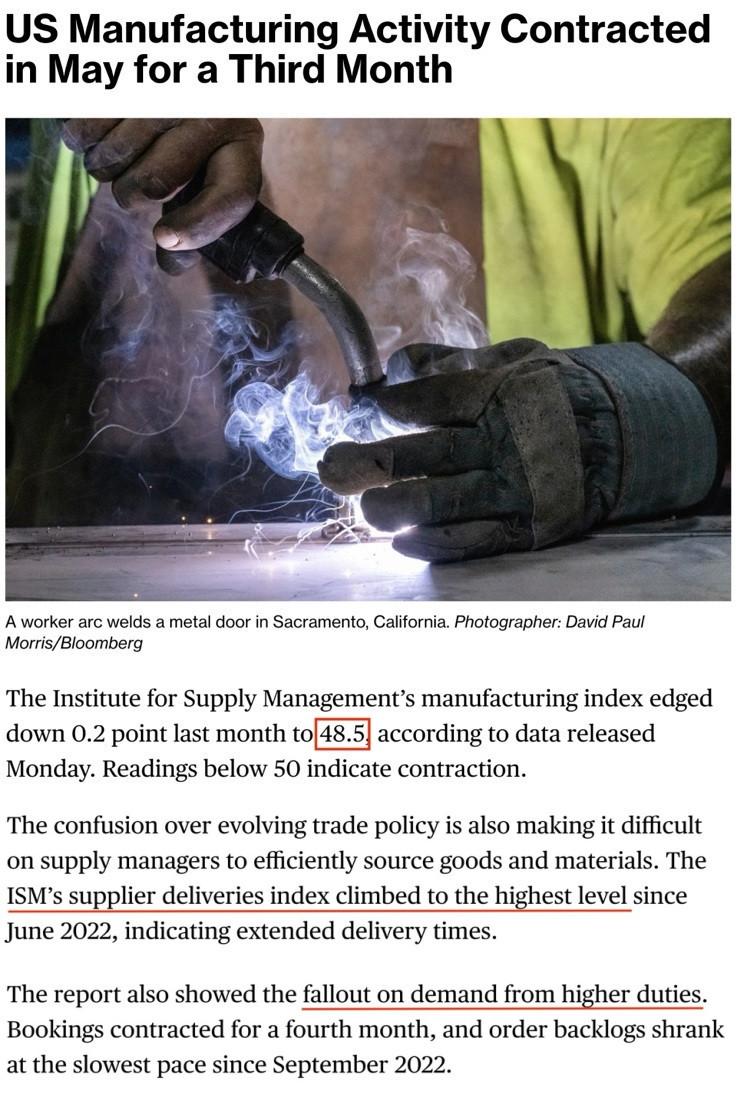 美国供应管理协会(ISM)公布的最新报告显示,美国5月制造业采购经理人指数(PMI)从上月的48.7%降至48.5%,连续第三个月低于50%的荣枯分界线。
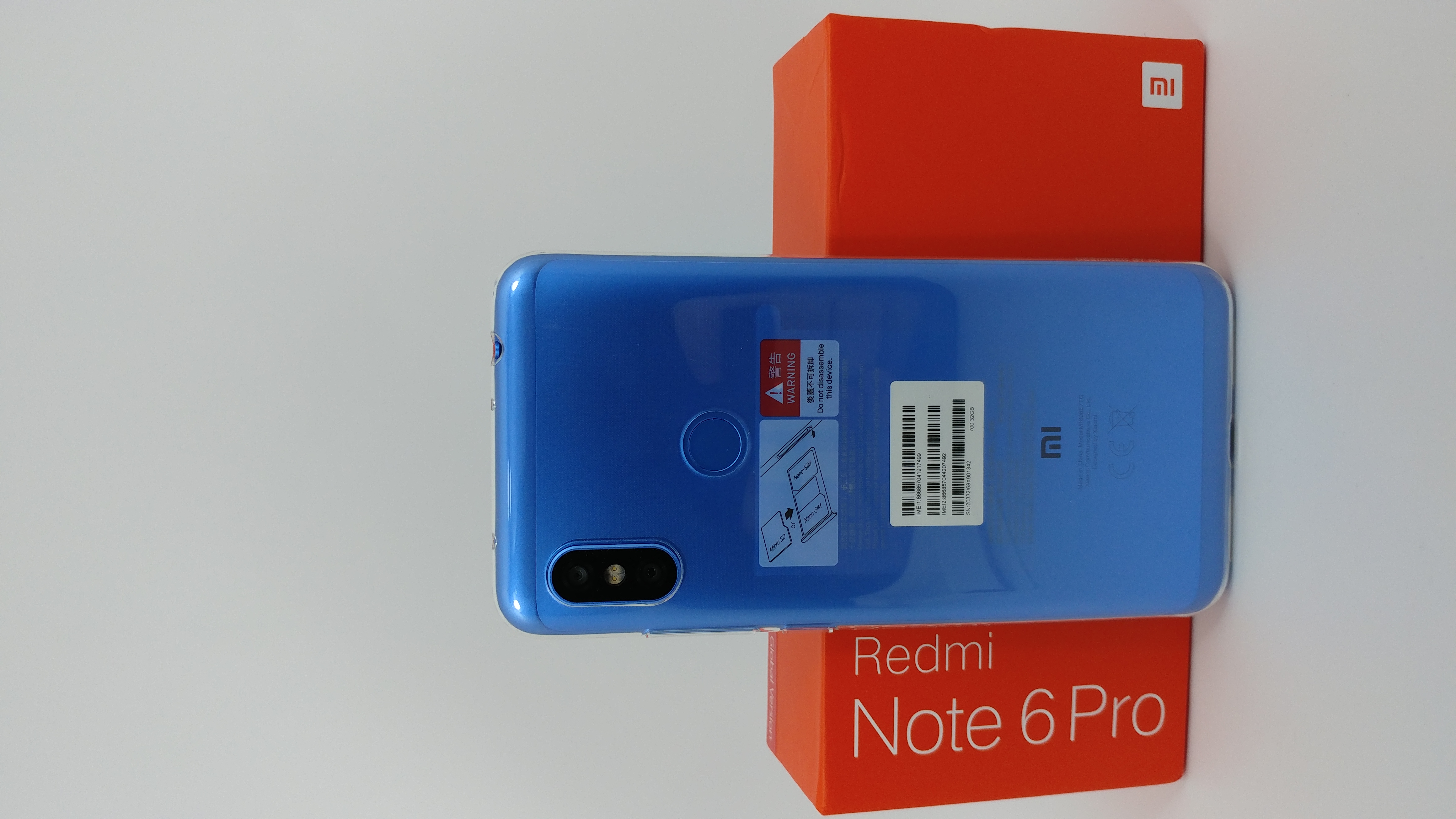 Our Xiaomi Redmi Note 6 Pro model was delivered in an orange box. The package is quite standard, there are no premium features to impress here – after all, we’re discussing about a budget-friendly Android-powered smartphone. Anyway, inside the box we find our phone, the charger and the USB (regular, not type C) cable along with a bonus transparent soft-silicone case. We have the blue model of the Note 6 Pro, which we must say looks well enough for a mix of plastic and aluminum materials.
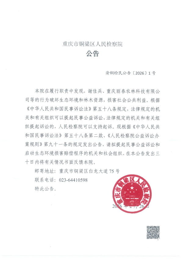 本院在履行职责中发现,谢佳兵、重庆丽春农林科技有限公司等的行为破坏生态环境和林木资源,损害社会公共利益。根据《中华人民共和国民事诉讼法》第五十八条规定,法律规定的机关和有关组织可以提起民事公益诉讼,法律规定的机关和有关组织提起诉讼的,人民检察院可以支持起诉。现根据《中华人民共和国民事诉讼法》第五十八条第二款、《人民检察院公益诉讼办案规则》第九十一条的规定发出公告,请拟提起民事公益诉讼和启动生态环境损害赔偿程序的机关和社会组织,在本公告发出三十日内将有关情况书面反馈本院。
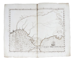 Anonimo della fine del XVII secolo, Fretum Herculeum nunc Estrecho di Gibraltar. Penna e inchiostro bruno, tracce di matita di grafite. Carta vergellata color avorio con filigrana "lettere B A in cerchio singolo sormontato da trifoglio". mm 505x637. (1)
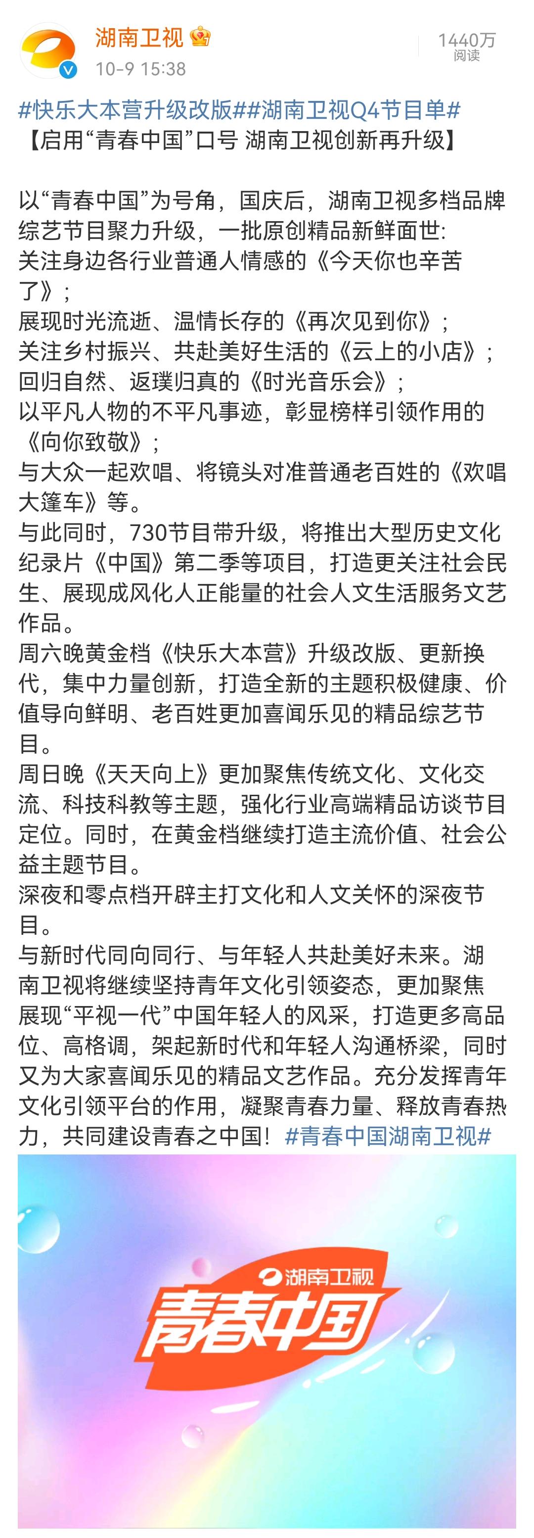 湖南卫视回应《快乐大本营》停播传闻:升级改版 打造全新的主题
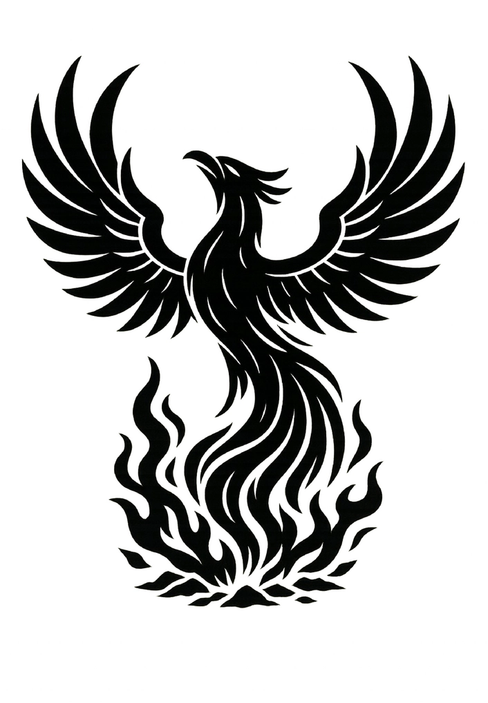 Majestätischer Phoenix, der aus den Flammen emporsteigt, symbolisiert Stärke und Wiedergeburt.
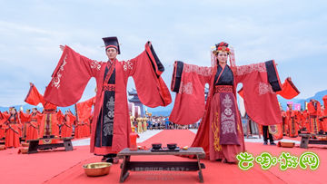 婚礼现场,气势恢宏,场面壮观。婚礼分为《开礼篇》《主礼篇》、《赞礼篇》三部分,采用古典婚礼的仪式与场景,再现汉代礼乐与婚庆文化。100对新人,在30位旗手、12位鼓手、15位舞者、6位侍女的护送下,在大主礼司、大领礼司、执礼官带领下,伴随着古朴典雅的音乐,步入会场。
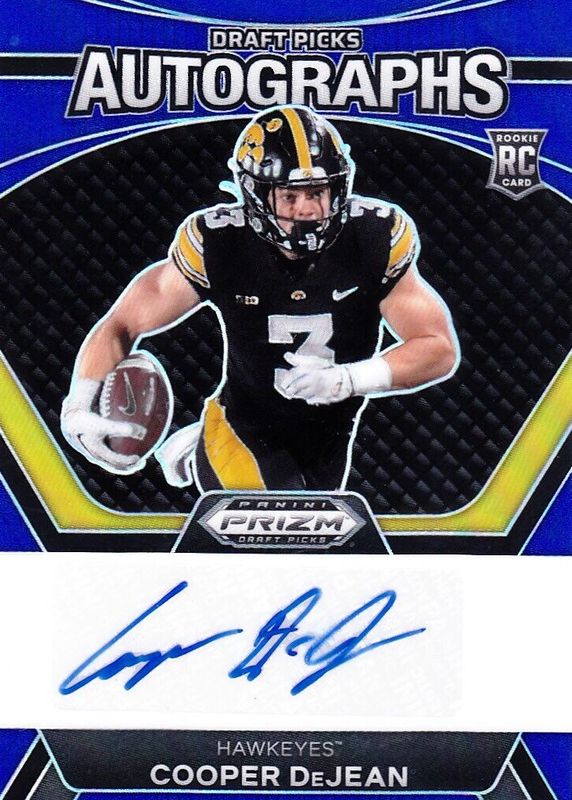 The Cooper DeJean 2024 Prizm Draft Picks #DPA-CDN Draft Picks Autographs - Blue /149 Rookie card in Raw condition has not changed in price in the last 30 days and was last sold for $23.05 .
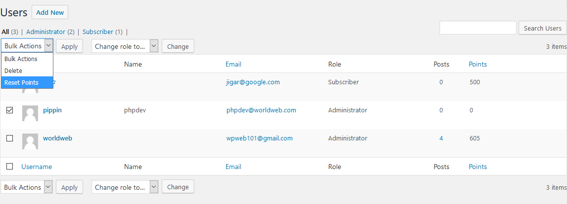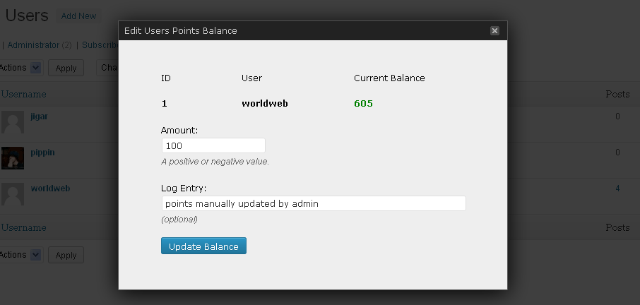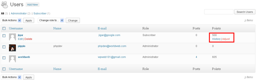 Simply hover your mouse over the user and click on "Adjust" in the Points column.To use the inline editor, simply hover your mouse over the user and in the "Points" column select "Adjust". You can make changes with or without a log entry.
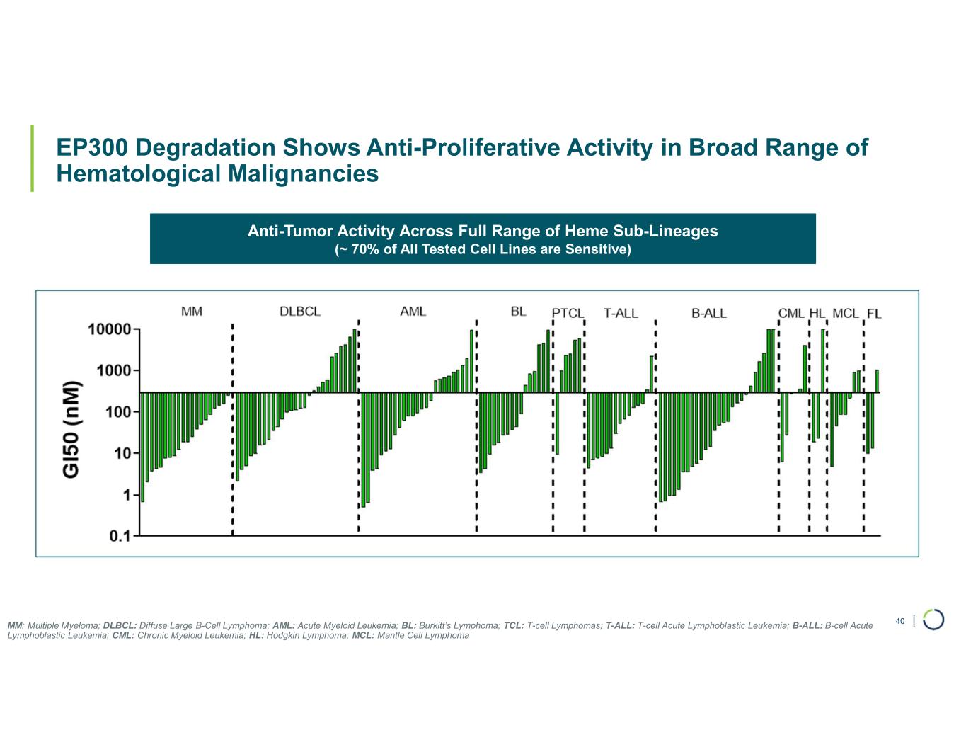 | EP300 Degradation Shows Anti-Proliferative Activity in Broad Range of Hematological Malignancies 40MM: Multiple Myeloma; DLBCL: Diffuse Large B-Cell Lymphoma; AML: Acute Myeloid Leukemia; BL: Burkitt’s Lymphoma; TCL: T-cell Lymphomas; T-ALL: T-cell Acute Lymphoblastic Leukemia; B-ALL: B-cell Acute Lymphoblastic Leukemia; CML: Chronic Myeloid Leukemia; HL: Hodgkin Lymphoma; MCL: Mantle Cell Lymphoma Anti-Tumor Activity Across Full Range of Heme Sub-Lineages (~ 70% of All Tested Cell Lines are Sensitive)
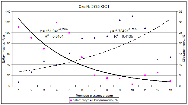 Рисунок 1.42 - Динамика дебитов и обводненности по скважине №3725 Федоровского месторождения
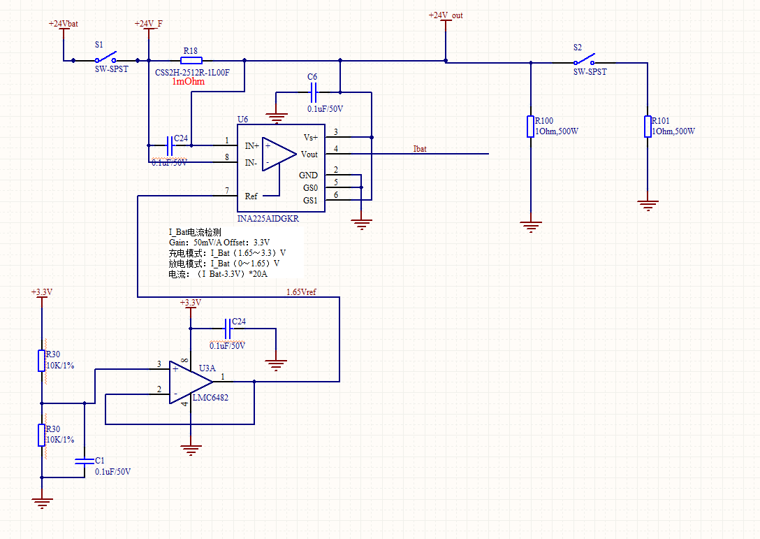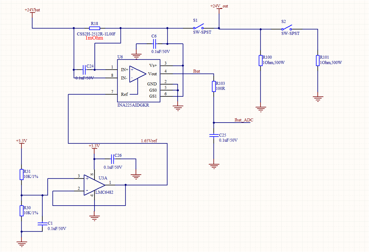 上图为电路原理图,利用INA225配合1毫欧电阻进行双向电流检测,左侧+24Vbat连接电池(22Ah 锂电池),Ibat为电流检测的输出。
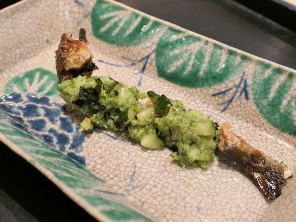 ●鮎の頭と尾、骨をバリバリに揚げたもの。きゅうりを炭火焼きにしておろしたものを、魚醤と。
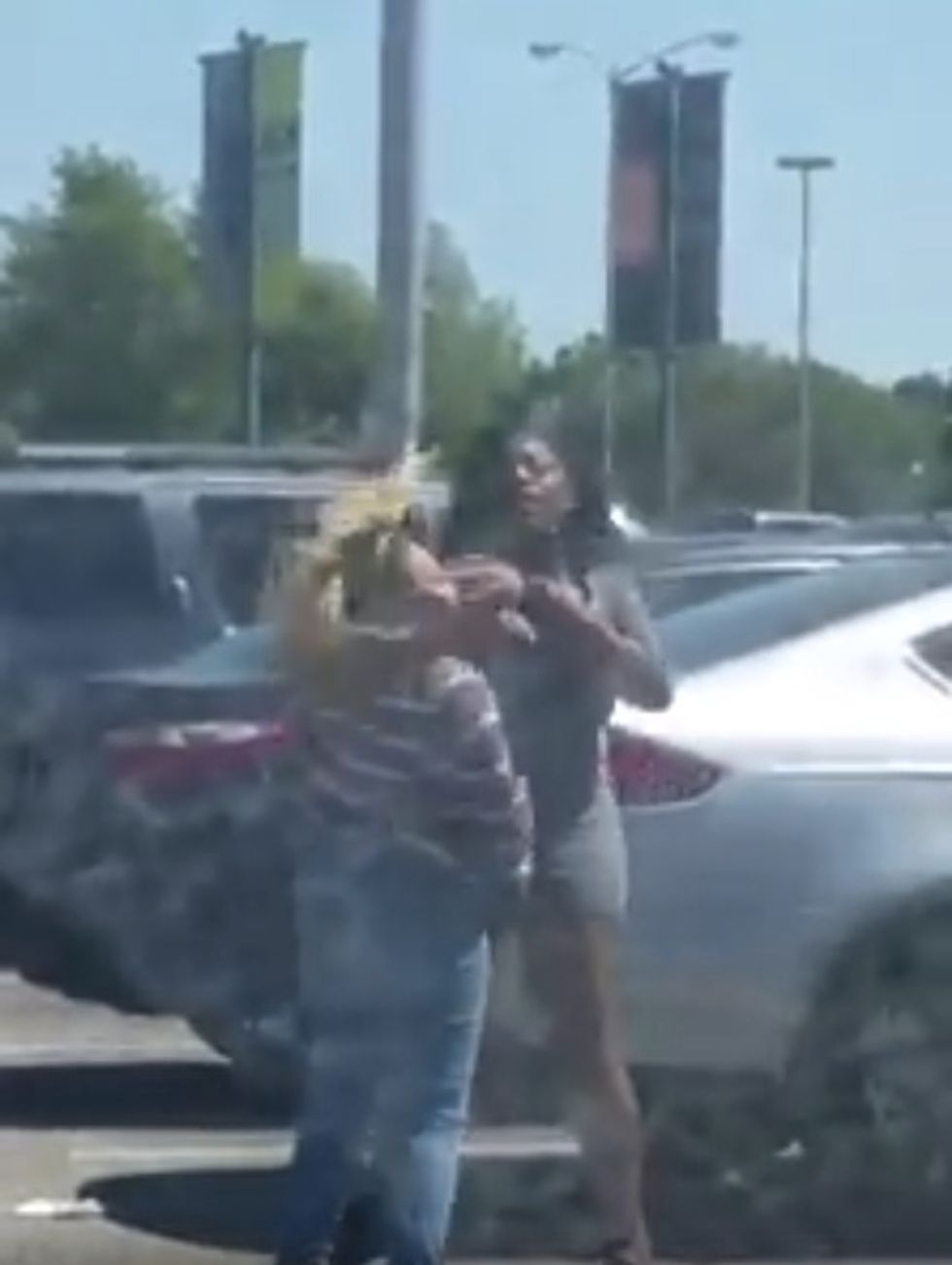 "The lady tried to pull in and that's when the lady walked up and hit her car," she added to the station. "Then the lady jumps out of her car and they started going at it."

Task prompt —
Make an exact copy of the records from their first line through the line containing "The Cooper DeJean", both ends included, with the pictures omitted.

Exercise response —
 美国供应管理协会(ISM)公布的最新报告显示,美国5月制造业采购经理人指数(PMI)从上月的48.7%降至48.5%,连续第三个月低于50%的荣枯分界线。
 Our Xiaomi Redmi Note 6 Pro model was delivered in an orange box. The package is quite standard, there are no premium features to impress here – after all, we’re discussing about a budget-friendly Android-powered smartphone. Anyway, inside the box we find our phone, the charger and the USB (regular, not type C) cable along with a bonus transparent soft-silicone case. We have the blue model of the Note 6 Pro, which we must say looks well enough for a mix of plastic and aluminum materials.
 本院在履行职责中发现,谢佳兵、重庆丽春农林科技有限公司等的行为破坏生态环境和林木资源,损害社会公共利益。根据《中华人民共和国民事诉讼法》第五十八条规定,法律规定的机关和有关组织可以提起民事公益诉讼,法律规定的机关和有关组织提起诉讼的,人民检察院可以支持起诉。现根据《中华人民共和国民事诉讼法》第五十八条第二款、《人民检察院公益诉讼办案规则》第九十一条的规定发出公告,请拟提起民事公益诉讼和启动生态环境损害赔偿程序的机关和社会组织,在本公告发出三十日内将有关情况书面反馈本院。
 Anonimo della fine del XVII secolo, Fretum Herculeum nunc Estrecho di Gibraltar. Penna e inchiostro bruno, tracce di matita di grafite. Carta vergellata color avorio con filigrana "lettere B A in cerchio singolo sormontato da trifoglio". mm 505x637. (1)
 湖南卫视回应《快乐大本营》停播传闻:升级改版 打造全新的主题
 Majestätischer Phoenix, der aus den Flammen emporsteigt, symbolisiert Stärke und Wiedergeburt.
 婚礼现场,气势恢宏,场面壮观。婚礼分为《开礼篇》《主礼篇》、《赞礼篇》三部分,采用古典婚礼的仪式与场景,再现汉代礼乐与婚庆文化。100对新人,在30位旗手、12位鼓手、15位舞者、6位侍女的护送下,在大主礼司、大领礼司、执礼官带领下,伴随着古朴典雅的音乐,步入会场。
 The Cooper DeJean 2024 Prizm Draft Picks #DPA-CDN Draft Picks Autographs - Blue /149 Rookie card in Raw condition has not changed in price in the last 30 days and was last sold for $23.05 .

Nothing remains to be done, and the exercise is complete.